Lifeguard shortage impacts program hours at Mount Forest and Arthur swimming pools

WELLINGTON NORTH – Outdoor pools in Mount Forest and Arthur will be open this summer with a change in operating hours.

For over a decade, the township has been able to employ an average of 12 full-time lifeguards each year, but this season, the job ads aren’t getting as much attention.

Five full-time guards and five part-time guards have been hired, allowing pools to operate this summer, but township staff have had to rejig programming and operating hours to accommodate the lifeguard shortage.

Instead of running swimming lessons from 9am to noon on weekdays, as was the case in previous years, swimming lessons are being offered in the afternoon.

Other swim programming, including public swims, day camps, aquafit, lane swims and swim teams, remains intact but with reduced hours. 

For complete pools schedules in Arthur and Mount Forest, visit: https://www.wellington-north.com/community/programs-activities/pools-and-swimming.

At a May 24 meeting, council discussed the challenges of finding pool staff.

Councillor Sherry Burke said she is glad lane swimming would be happening.

“We all know from the open house that [it] was a very important program,” she said. 

But with less staff, there must be fewer bathers – 30 are permitted in the pool at any time this summer, compared to upwards of 150 at a time in past years, depending on staffing levels.
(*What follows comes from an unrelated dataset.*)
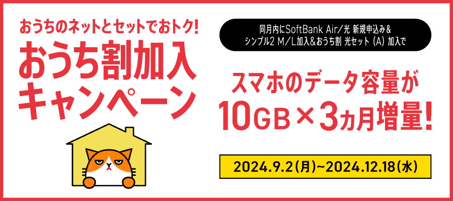 受付期間中、固定通信サービスの SoftBank Air / SoftBank 光*1 / Yahoo! BB 光シティにお申込み、また同月内におうち割光セット(A)とモバイル通信サービスの対象プランにお申し込みをし加入したお客さまが、お申込み月を1ヵ月目として3ヵ月目から5ヵ月目の3ヵ月の間、各月の1日時点で対象プランに加入していた場合、本キャンペーンの特典としてデータ容量の追加購入10GB分(0.5GB 550円×20回購入分)を無料とします。

The bather-to-guard ratio, set by Lifesaving Society Canada, allows a guard on the deck and a guard in the bath house to rotate through 15 minute “scanning sessions,” recreation coordinator Mandy Jones explained to councillors.
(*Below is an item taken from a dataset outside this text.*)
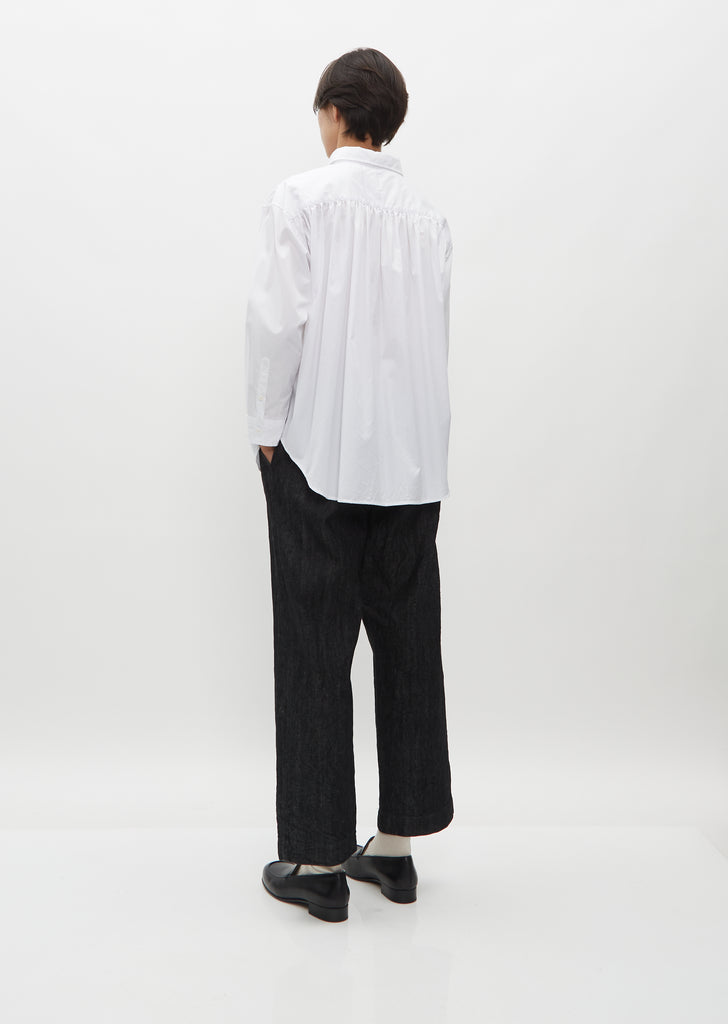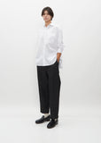 Toujours white shirt in cotton poplin. Features a gathered back, classic shirt collar, patch pocket, long buttoned sleeves and a button closure in front.

The township hopes to hire a program assistant to collect cash from incoming bathers, said Jones, potentially freeing up a lifeguard from the bathhouse and increasing the pool capacity.

Though fewer lifeguards means less money spent on wages, there will be less income generated from the swims than in other years because of the reduced pool capacity. 

To try and address the short supply of lifeguards, who are often secondary or post-secondary students, the township is now covering 100 per cent of recertification and 50 per cent of the cost to newly certify a lifeguard/swim instructor.

The cost of the bronze medallion and cross programs (needed to advance to a lifeguard) has also been reduced by $50 from $200 to $150.

Lifesaving Society Canada dropped the minimum age required for lifeguard certification from 16 to 15 years old, but those being hired as lifeguards are required to be at least 16 years old.